My organization would like to publish copies of our enterprise data to our Portal so that it can be used in Field Maps as reference layers in disconnected situations. Data such as our Parcel Layer would be very helpful to our field workers. This requires that the Feature Layers be set as Sync-Enabled. Since our enterprise data updates periodically we would need a way to keep those reference layers up to date. From everything I've read there is currently not a way to update existing data in a sync-enabled layer -- See "Allow Offline Editing" section of this doc -- https://doc.arcgis.com/en/arcgis-online/manage-data/manage-editing-hfl.htm#ESRI_SECTION2_D884E7592F5...
Well, there is a way, but it involves turning Sync-Enabled off while updating which would break any WebMap and Checked Out Area that uses that layer.
We have 1000+ layers that we would like to host in Portal but I would need an automated way (Python) to keep them up to date. Any ideas would be greatly appreciated! Thanks.
Solved! Go to Solution.
Ah, well. We don't have control over most of the schemas we work with, and generally, unless you're dealing with the actual shapes, it's not required.
That "record by record comparison" is very simple if you use pandas' compare function.
Also, once you read / query / load your source data, you can modify the schema as needed on the resulting DataFrame to ensure that it matches with the destination.

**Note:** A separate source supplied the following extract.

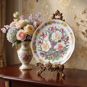 Декоративная настенная тарелка с цветочным букетом нарциссов и садовых цветов, фарфор, деколь, золочение диаметр 22 см Royal Grafton Великобритания 1992 год
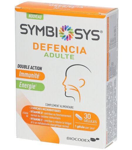Complément alimentaire à utiliser dans le cadre d’une alimentation variée, équilibrée et d’un mode de vie sain.SYMBIOSYS Defencia Adulte est un complément alimentaire destiné à l’adulte. Il contient les souches microbiotiques Bifidobacterium animalis subsp. lactis BS01, Lacticaseibacillus rhamnosus LR04, Lactiplantibacillus plantarum LP02, ainsi que de la vitamine D1 qui contribue au fonctionnement normal du système immunitaire et de la vitamine C2 qui contribue à réduire la fatigue et à un métabolisme énergique normal.IngrédientsFructo-oligosaccharides (FOS); agent d'enrobage : hydroxypropyl methylcellulose ; maltodextrine; souches micro-encapsulées Lactiplantibacillus plantarum LP02 (LMGP-21020) ; Lacticaseibacillus rhamnosus LR04 (DSM 16605); Bifidobacterium animalis subsp. lactis BS01 (LMG P-21384)) ; acide ascorbique (vitamine C); anti-agglomérant : sels de magnésium d'acides gras ; cholécalciférol (vitamine D3).Valeurs nutritionnelles Pour 1 géluleFOS200 mgB. lactis BS012x109 UFC*L. rhamnosus LR042x109 UFC*L. plantarum LP022x109 UFC*Vitamine C12 mg (15% des VNR**)Vitamine D32.5 μg (50% des VNR**)*Unités Formant des Colonies**Valeurs Nutritionnelles de RéférencesConseils d'utilisationPrendre 1 gélule de SYMBIOSYS DEFENCIA Adulte chaque matin pendant 1 mois. A avaler avec un verre d'eau. Ne pas dépasser la dose journalière recommandée.Renouveler pendant la période hivernale. Un complément alimentaire ne doit pas se substituer à un mode de vie sain et à une alimentation équilibrée et variée.Précautions d'emploiConserver dans un endroit sec et à une température ne dépassant pas 25°C. Tenir hors de portée des enfants. Par précaution, l’utilisation de ce produit n’est pas recommandée pendant la grossesse ou l’allaitement. Pour plus d’informations, parlez-en à votre médecin.Poids net30 gélulesAdresse du FabricantDPO Biocodex7 Avenue Gallieni94250 Gentilly, France ...

I actually just gave a talk about this yesterday at a conference. See if anything in here helps you out:
https://github.com/jdcarls2/ilgisa-2022/blob/main/hosted-copy/hosted-copy.ipynb
Are you referring to this?
If synchronization is enabled, you can append new features to the hosted feature layer but not update existing features using the Update Data option on the layer's details page.
Note that "Update Data" in this case is specific to one of the functions in the API; your ability to "update data" (no caps) is not impaired by whether or not Sync is enabled.
What you can do is pass updates to the hosted layer using FeatureLayer.edit_features(updates=[]). If you have edit timestamps on your data, you can selectively pass in only those features that have been edited within a given timeframe, too.
At Kendall County, we have about 50k parcels, but only a couple hundred are edited any given day, so we use the Python API together with the pandas module to identify only those rows that have been edited, and then we edit those features in place.
Let me know if this sounds useful to you, I can share a generalized version of the code we use for it. We have about 30 hosted layers that are kept up to date with offline sources on a nightly basis, so I can tell you it's certainly an adaptable approach.
Hi @jcarlson would you be able to share a generalized version of your code for this? We're also in the same boat as the OP and it would be helpful if we could routinely update a feature layer we're using as the basis of a FieldMaps app while it has sync enabled. I don't want to just append new features because there will be new features and updates to existing ones in the updates.
Thanks for the response, Josh. Yes, that is what I was referring to. I hadn't seen the edit_features function and that is definitely a step in the right direction. The issue we have is that our data sources come from dozens of authoritative sources and we don't have control over their schemas -- such as adding last_edited dates or globalids to the data. We know when a dataset has been updated but don't have a reliable way of determining which records were added/deleted/updated without doing a record by record comparison between source and destination. That is why I was leaning heavy on ESRI's API to do the change detection for us which it can do - just not with Sync enabled.
A couple options I've thought of include:
I'd be interested to know if ESRI is planning to provide the ability to expand their update process to include Sync-enabled layers. That would help me to know how far I should travel down other rabbit holes for another solution.
Ah, well. We don't have control over most of the schemas we work with, and generally, unless you're dealing with the actual shapes, it's not required.
That "record by record comparison" is very simple if you use pandas' compare function.
Also, once you read / query / load your source data, you can modify the schema as needed on the resulting DataFrame to ensure that it matches with the destination.
I actually just gave a talk about this yesterday at a conference. See if anything in here helps you out:
https://github.com/jdcarls2/ilgisa-2022/blob/main/hosted-copy/hosted-copy.ipynb
Thanks a ton Josh. It's good to know others are in the same boat as we are. You've given me some good ideas to run with.